DATA TO EXAMINE:
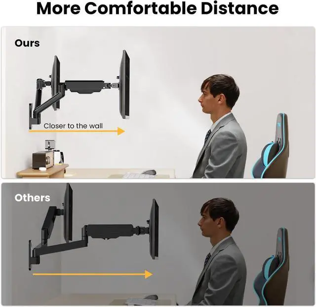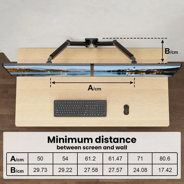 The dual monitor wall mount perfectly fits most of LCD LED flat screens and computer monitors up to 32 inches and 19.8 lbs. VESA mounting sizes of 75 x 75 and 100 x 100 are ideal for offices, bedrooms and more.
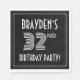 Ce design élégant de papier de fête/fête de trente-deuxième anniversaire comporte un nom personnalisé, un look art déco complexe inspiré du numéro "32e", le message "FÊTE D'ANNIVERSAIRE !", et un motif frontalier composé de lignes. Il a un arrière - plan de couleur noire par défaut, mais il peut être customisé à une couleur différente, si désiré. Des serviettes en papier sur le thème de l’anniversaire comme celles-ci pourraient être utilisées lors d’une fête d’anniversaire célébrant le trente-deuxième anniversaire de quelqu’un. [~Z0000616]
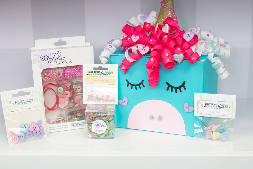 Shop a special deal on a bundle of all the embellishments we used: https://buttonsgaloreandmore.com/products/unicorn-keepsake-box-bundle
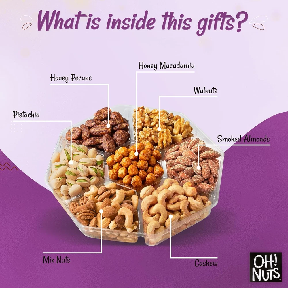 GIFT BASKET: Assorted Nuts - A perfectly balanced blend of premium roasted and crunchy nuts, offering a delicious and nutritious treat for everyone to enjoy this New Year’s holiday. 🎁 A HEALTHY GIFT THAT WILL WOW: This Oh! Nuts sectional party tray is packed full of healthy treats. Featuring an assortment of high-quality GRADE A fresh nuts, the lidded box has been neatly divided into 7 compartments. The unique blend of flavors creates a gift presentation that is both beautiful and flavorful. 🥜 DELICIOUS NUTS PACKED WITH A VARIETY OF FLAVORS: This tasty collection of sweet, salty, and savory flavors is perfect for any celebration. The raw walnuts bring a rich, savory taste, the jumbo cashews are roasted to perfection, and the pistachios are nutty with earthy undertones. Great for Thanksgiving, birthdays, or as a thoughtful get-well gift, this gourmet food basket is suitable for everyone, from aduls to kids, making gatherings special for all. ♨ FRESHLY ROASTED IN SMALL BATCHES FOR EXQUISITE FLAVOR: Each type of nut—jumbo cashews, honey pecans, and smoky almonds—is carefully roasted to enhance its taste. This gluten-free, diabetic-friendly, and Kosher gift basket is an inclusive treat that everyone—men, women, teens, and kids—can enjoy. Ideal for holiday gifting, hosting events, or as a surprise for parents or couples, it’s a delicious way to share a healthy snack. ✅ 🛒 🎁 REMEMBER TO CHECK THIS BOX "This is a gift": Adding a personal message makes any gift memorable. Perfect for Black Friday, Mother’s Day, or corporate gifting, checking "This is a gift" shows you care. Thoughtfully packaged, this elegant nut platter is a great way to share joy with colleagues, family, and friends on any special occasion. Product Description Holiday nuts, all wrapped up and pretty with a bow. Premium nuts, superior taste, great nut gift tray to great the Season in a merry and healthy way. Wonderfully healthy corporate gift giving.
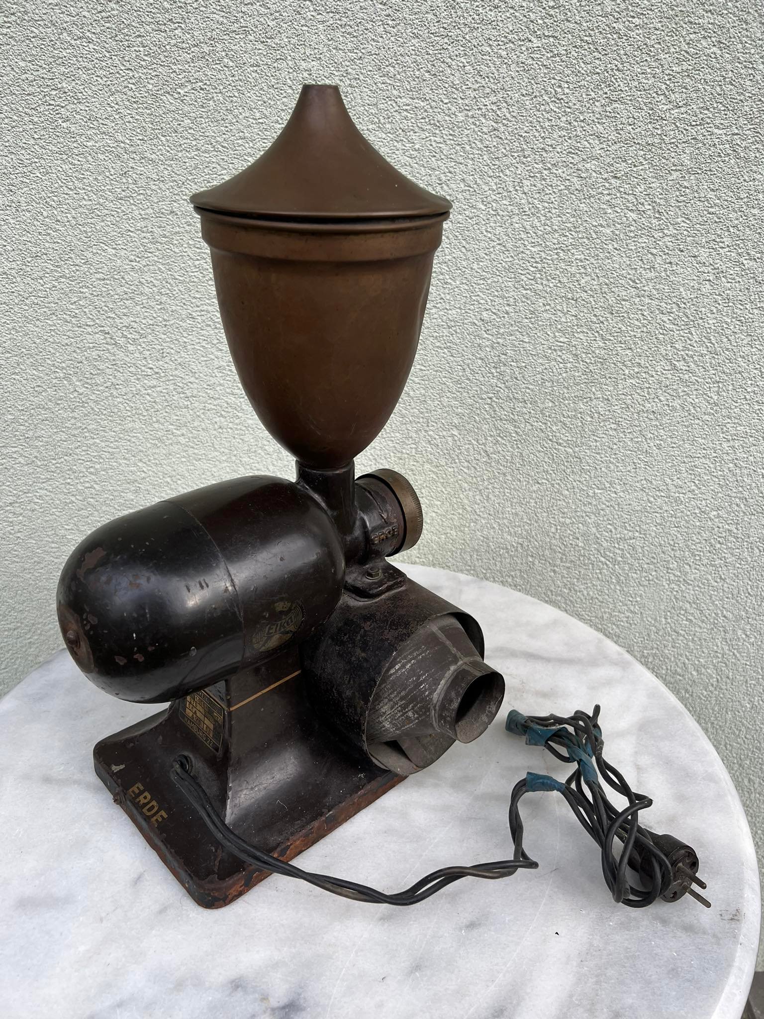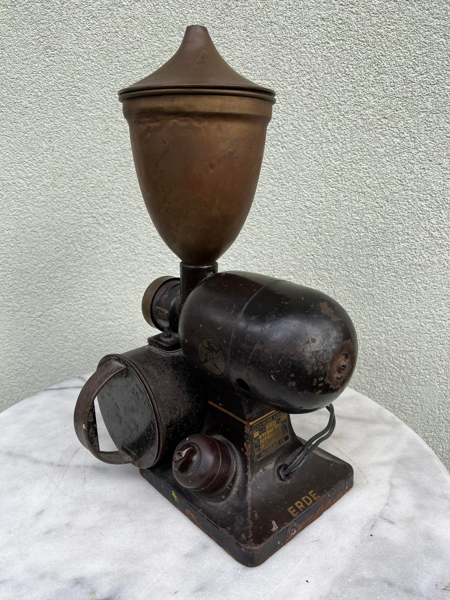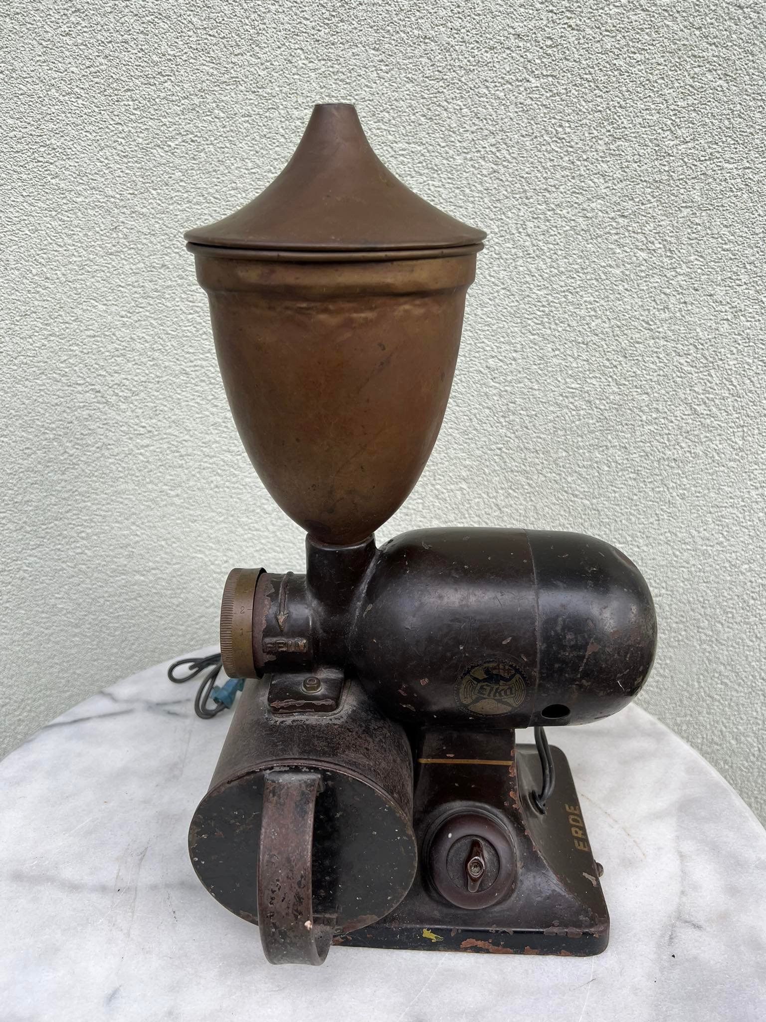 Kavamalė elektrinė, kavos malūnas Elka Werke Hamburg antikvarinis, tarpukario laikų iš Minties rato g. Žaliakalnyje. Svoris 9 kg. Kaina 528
==
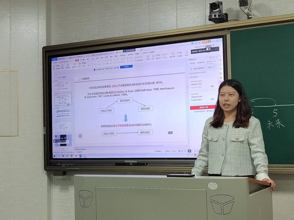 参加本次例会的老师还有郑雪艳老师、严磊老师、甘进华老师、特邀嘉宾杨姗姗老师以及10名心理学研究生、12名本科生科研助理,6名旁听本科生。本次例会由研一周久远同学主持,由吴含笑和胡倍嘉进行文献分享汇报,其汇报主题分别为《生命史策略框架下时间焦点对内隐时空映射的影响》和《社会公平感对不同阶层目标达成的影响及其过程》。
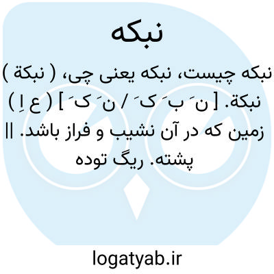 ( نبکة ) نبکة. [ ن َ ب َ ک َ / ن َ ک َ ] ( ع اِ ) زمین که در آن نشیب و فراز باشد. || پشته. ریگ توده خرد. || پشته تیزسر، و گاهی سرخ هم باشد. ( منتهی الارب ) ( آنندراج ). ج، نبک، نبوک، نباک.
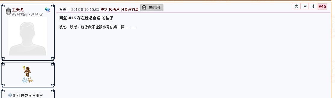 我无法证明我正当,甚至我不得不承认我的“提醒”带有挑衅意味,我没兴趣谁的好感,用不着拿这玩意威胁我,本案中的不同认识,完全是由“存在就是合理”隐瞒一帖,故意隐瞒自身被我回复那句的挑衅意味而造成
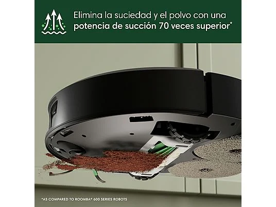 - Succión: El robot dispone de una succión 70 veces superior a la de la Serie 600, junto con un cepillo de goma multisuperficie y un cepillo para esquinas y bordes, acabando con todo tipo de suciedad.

WORK TO COMPLETE: An exact copy of the lines above from the one with "我无法证明我正当,甚至我不得" up to and including the one with "- Succión: El" is required; reproduce only those lines, omitting all pictures.

EXPECTED ANSWER:
 我无法证明我正当,甚至我不得不承认我的“提醒”带有挑衅意味,我没兴趣谁的好感,用不着拿这玩意威胁我,本案中的不同认识,完全是由“存在就是合理”隐瞒一帖,故意隐瞒自身被我回复那句的挑衅意味而造成
 - Succión: El robot dispone de una succión 70 veces superior a la de la Serie 600, junto con un cepillo de goma multisuperficie y un cepillo para esquinas y bordes, acabando con todo tipo de suciedad.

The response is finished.